> _WORK TASK_:
Find "Besondere Bestimmungen der" and "Die Wanderung startet" in the records below. Copy the lines holding them and every line between, exactly, and no others.

..........

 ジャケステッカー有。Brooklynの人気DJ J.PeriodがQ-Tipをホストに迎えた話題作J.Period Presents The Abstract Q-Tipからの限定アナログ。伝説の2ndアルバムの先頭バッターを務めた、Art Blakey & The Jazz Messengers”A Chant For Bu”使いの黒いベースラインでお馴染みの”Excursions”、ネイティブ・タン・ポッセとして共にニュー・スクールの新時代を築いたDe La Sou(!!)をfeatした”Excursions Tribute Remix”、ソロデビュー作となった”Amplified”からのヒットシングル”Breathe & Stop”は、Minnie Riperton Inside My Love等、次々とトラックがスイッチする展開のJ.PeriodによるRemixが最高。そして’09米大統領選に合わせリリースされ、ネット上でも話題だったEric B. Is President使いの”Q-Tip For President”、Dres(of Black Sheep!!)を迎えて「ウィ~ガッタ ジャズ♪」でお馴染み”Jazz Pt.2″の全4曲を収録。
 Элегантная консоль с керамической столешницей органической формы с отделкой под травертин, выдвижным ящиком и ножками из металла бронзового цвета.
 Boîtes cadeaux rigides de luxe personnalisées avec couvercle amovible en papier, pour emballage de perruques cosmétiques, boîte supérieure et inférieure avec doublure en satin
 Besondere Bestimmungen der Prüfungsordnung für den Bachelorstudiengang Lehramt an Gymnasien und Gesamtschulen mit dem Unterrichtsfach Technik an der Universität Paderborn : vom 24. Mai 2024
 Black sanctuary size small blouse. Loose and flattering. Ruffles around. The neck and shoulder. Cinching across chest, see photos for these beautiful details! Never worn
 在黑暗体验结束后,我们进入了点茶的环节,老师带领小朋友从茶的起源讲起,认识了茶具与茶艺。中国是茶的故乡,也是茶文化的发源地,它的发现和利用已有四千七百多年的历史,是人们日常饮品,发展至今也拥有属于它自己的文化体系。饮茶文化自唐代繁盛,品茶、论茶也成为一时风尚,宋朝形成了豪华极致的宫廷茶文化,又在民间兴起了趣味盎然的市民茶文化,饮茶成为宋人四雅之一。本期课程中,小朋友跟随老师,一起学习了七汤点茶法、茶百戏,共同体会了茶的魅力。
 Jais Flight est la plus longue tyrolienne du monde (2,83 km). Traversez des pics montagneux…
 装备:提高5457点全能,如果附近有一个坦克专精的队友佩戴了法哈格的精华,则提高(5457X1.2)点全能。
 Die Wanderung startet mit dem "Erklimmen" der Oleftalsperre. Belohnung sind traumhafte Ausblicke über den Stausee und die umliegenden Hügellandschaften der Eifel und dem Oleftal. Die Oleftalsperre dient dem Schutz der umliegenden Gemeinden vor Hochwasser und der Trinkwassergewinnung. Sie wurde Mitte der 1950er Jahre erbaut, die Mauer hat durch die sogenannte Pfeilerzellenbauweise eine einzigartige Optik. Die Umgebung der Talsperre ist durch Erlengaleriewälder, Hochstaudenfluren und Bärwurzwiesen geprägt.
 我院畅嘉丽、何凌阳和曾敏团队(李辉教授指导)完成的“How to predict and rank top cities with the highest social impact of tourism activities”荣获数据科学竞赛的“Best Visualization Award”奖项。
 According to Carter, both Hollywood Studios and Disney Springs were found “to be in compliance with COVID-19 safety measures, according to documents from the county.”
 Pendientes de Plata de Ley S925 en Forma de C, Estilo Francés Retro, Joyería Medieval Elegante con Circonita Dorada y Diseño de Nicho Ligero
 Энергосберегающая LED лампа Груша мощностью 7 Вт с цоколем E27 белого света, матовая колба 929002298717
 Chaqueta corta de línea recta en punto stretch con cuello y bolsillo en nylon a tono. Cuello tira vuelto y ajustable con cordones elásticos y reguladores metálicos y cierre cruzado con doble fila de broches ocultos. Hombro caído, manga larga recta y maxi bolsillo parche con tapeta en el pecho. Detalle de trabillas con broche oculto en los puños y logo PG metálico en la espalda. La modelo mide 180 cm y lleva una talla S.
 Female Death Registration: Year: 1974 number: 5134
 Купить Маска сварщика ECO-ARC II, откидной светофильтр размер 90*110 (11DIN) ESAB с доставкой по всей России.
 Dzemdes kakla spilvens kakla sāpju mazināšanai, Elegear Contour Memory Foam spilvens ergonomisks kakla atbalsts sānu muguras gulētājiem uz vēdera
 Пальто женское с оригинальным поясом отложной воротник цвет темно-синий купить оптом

..........

> _EXPECTED ANSWER_:
 Besondere Bestimmungen der Prüfungsordnung für den Bachelorstudiengang Lehramt an Gymnasien und Gesamtschulen mit dem Unterrichtsfach Technik an der Universität Paderborn : vom 24. Mai 2024
 Black sanctuary size small blouse. Loose and flattering. Ruffles around. The neck and shoulder. Cinching across chest, see photos for these beautiful details! Never worn
 在黑暗体验结束后,我们进入了点茶的环节,老师带领小朋友从茶的起源讲起,认识了茶具与茶艺。中国是茶的故乡,也是茶文化的发源地,它的发现和利用已有四千七百多年的历史,是人们日常饮品,发展至今也拥有属于它自己的文化体系。饮茶文化自唐代繁盛,品茶、论茶也成为一时风尚,宋朝形成了豪华极致的宫廷茶文化,又在民间兴起了趣味盎然的市民茶文化,饮茶成为宋人四雅之一。本期课程中,小朋友跟随老师,一起学习了七汤点茶法、茶百戏,共同体会了茶的魅力。
 Jais Flight est la plus longue tyrolienne du monde (2,83 km). Traversez des pics montagneux…
 装备:提高5457点全能,如果附近有一个坦克专精的队友佩戴了法哈格的精华,则提高(5457X1.2)点全能。
 Die Wanderung startet mit dem "Erklimmen" der Oleftalsperre. Belohnung sind traumhafte Ausblicke über den Stausee und die umliegenden Hügellandschaften der Eifel und dem Oleftal. Die Oleftalsperre dient dem Schutz der umliegenden Gemeinden vor Hochwasser und der Trinkwassergewinnung. Sie wurde Mitte der 1950er Jahre erbaut, die Mauer hat durch die sogenannte Pfeilerzellenbauweise eine einzigartige Optik. Die Umgebung der Talsperre ist durch Erlengaleriewälder, Hochstaudenfluren und Bärwurzwiesen geprägt.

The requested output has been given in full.